为了增强LED灯具的散热能力,根据烟囱效应原理,设计了一种LED球泡灯,其具有特殊的直筒式烟囱结构。利用Solidworks建立三维模型,通过其插件Flow Simulation进行热仿真,并以烟囱高度30 mm、烟囱数量6、通风口长度2 mm的参数为基础模型。通过实验验证,测出该模型的最高温度为69 ℃,与仿真所得出的结果仅相差1.66 ℃,证实了仿真步骤的正确性。以此为基础,对不同烟囱高度和数量、通风口大小对LED芯片最高温度的影响进行研究。研究表明：烟囱效应明显增强了灯具的对流散热性能。在烟囱高度为45 mm、烟囱数量为12、通风口长度为3.5 mm时,LED芯片的最高温度为61.04 ℃,比优化前下降了9.62 ℃。在模型参数相同的条件下,最高温度比不加烟囱结构的LED球泡灯下降了1.9 ℃,且散热器重量下降了2.55 g。在自然对流条件下,所设计的LED球泡灯能很好地满足LED芯片工作要求。
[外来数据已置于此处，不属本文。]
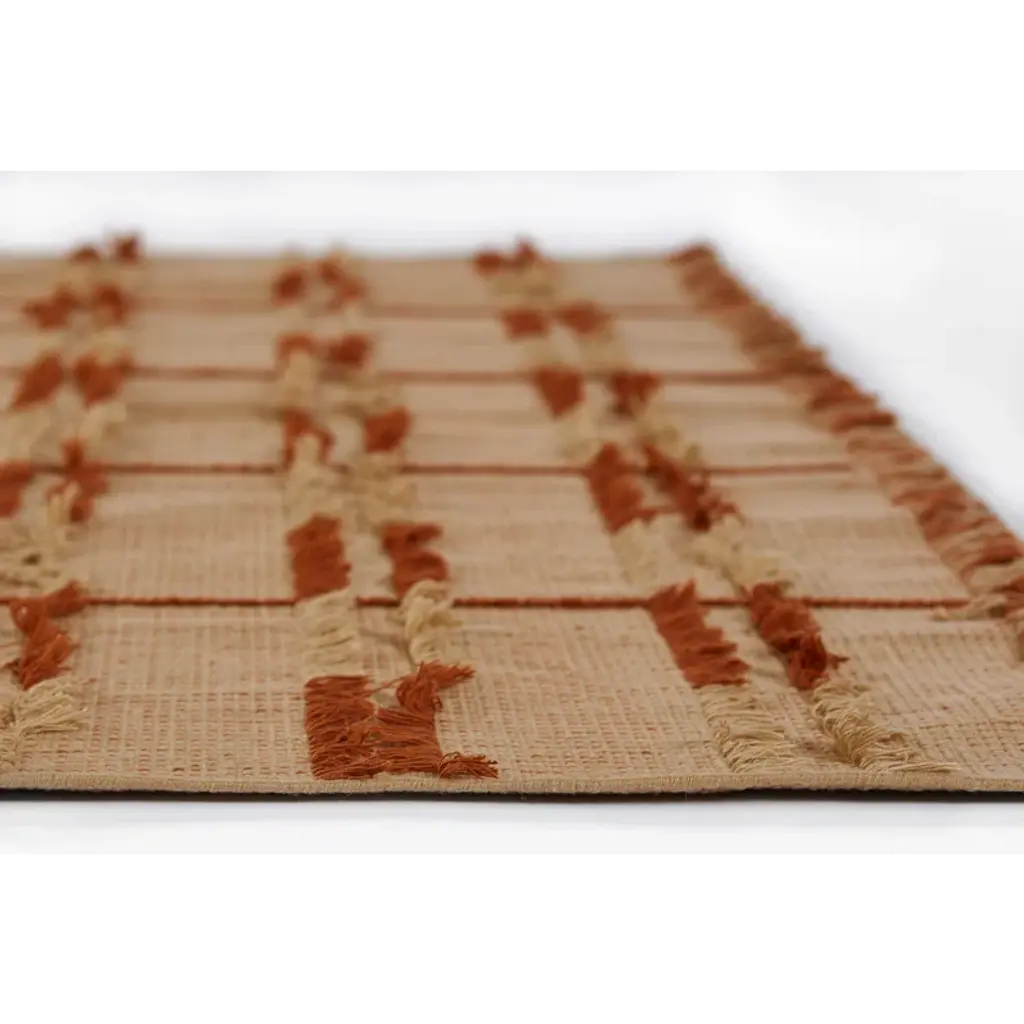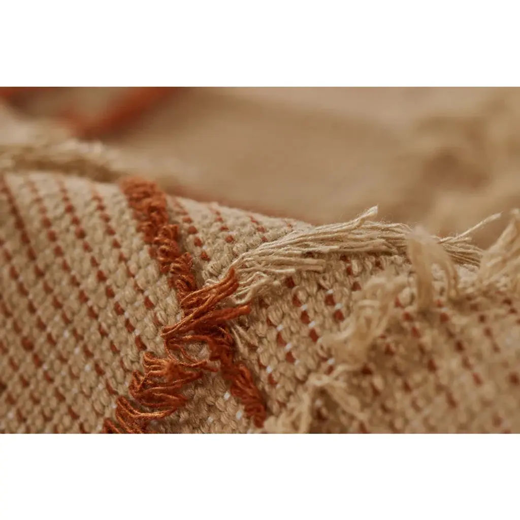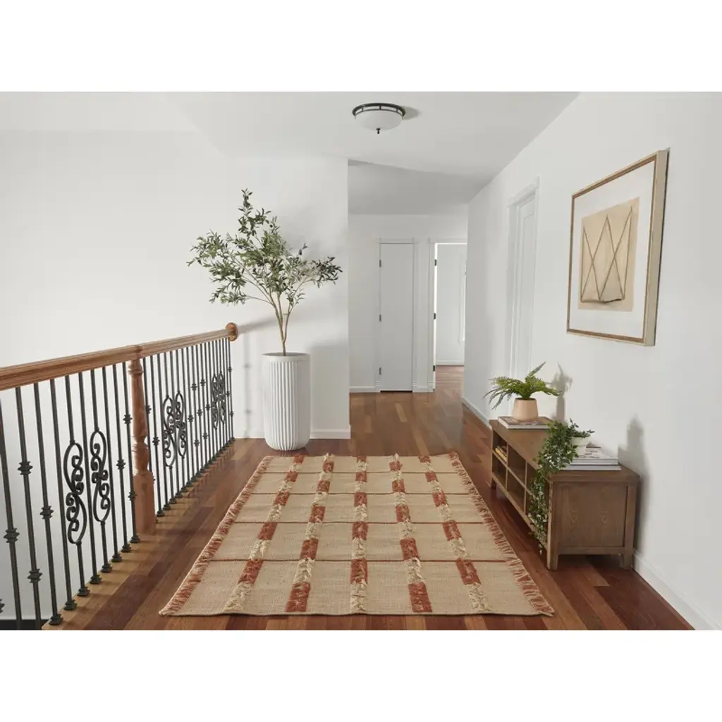 Add an earthy yet elevated look to your space (indoors and out) with this brown area rug. It's handwoven from recycled materials for an eco-friendly twist, and it showcases a high-low stripe pattern for visual and underfoot texture. Fringe detailing at each end along each side gives this rug a carefree vibe we love. Plus, the medium pile height sets a cozy foundation for your living room or patio furniture while still being easy to vacuum.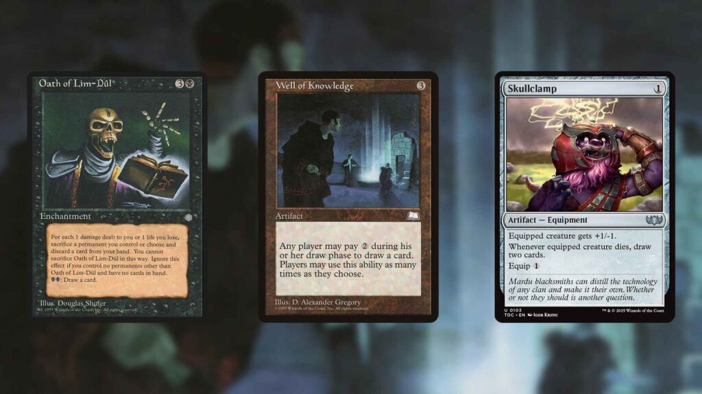 This allows both Oath of Lim-Dul and Well of Knowledge to draw your entire deck in one go, opening the door for Thassa’s Oracle kills. You can also use some three-card combos, like Reassembling Skeleton, Skullclamp and Cadaverous Bloom to do the same things. This Skullclamp variant of the combo is doable with any recurrable one toughness creature, so long as you pay at least three mana to bring it back. Since most of these options end up being cheaper, you’re also gifted with infinite mana, or at least as much mana as you have cards to draw.

In order to enhance the cooling capacity of LED lamps and lanterns, we design a special LED bulb with straight chimney structure based on the principle of the chimney effect. We build a three-dimensional model by adopting Solidworks, and use its plug called Flow Simulation to simulate based on the model with the chimney height of 30 mm, chimney number of 6, and vent length of 2 mm. Through experiments, we find the highest temperature of this model is 69 ℃, lower than the simulation result only 1.66 ℃. It confirms the correctness of the simulation steps. Then, we study the influences of different chimney height, chimney number, and vent length on the highest temperature of LED bulb, respectively. The results show that the chimney effect can effectively improve the convection cooling performance of the LED bulb. When the chimney height is 45 mm, chimney number is 12, and vent length is 3.5 mm, the highest temperature of the LED chip is 61.04 ℃, which is 9.62 ℃ lower compared to the original model. Under the same set of model parameters, the highest temperature of the LED bulb has been reduced by 6.16 ℃ compared to the one in the model without a chimney structure, and the weight of radiator has also reduced 2.55 g. In conclusion, the designed LED bulb can better satisfy the working requirements under the nature convection conditions.